Oracle Scratchpad

November 20, 2023

gby_pushdown

Filed under: CBO,Execution plans,Hints,Oracle,Parallel Execution — Jonathan Lewis @ 6:42 pm GMT Nov 20,2023

This is a note that’s been awaiting completion for nearly 10 years. It’s about a feature (or, at least, a hint for the feature) that appeared in 10.2.0.5 to control some of the inter-process messaging that takes place in parallel execution.
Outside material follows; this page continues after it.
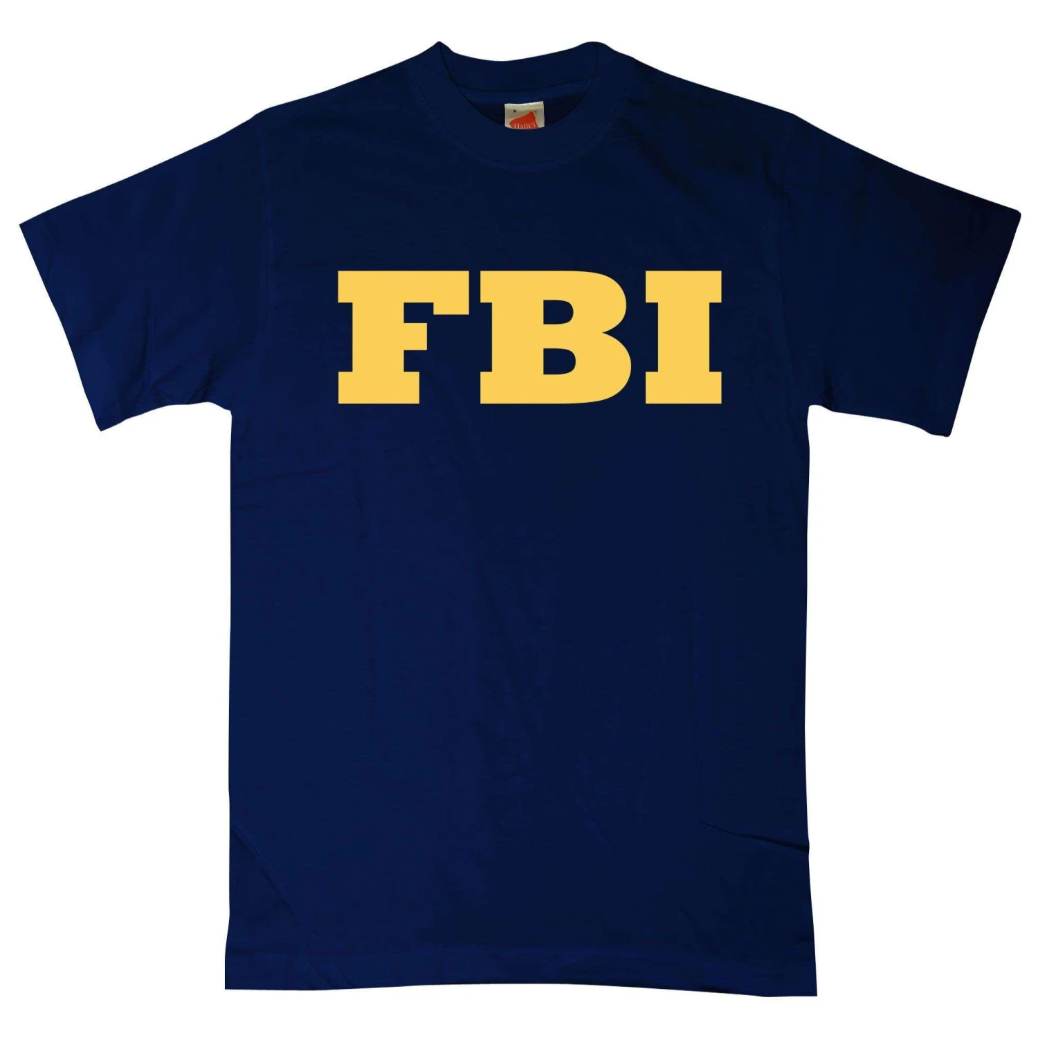 Slogan & Funny t shirts at 8Ball. FBI Logo t shirt. Navy t-shirt with yellow FBI custom made transfer.

It’s a very simple idea that can make a significant difference in CPU usage for large parallel queries – can you aggregate the raw data before distributing it between slave sets (minimising the volume of traffic) or should you simply distribute the data and aggregate late to avoid aggregating twice. The strategy of aggregating early is known as “group by pushdown”.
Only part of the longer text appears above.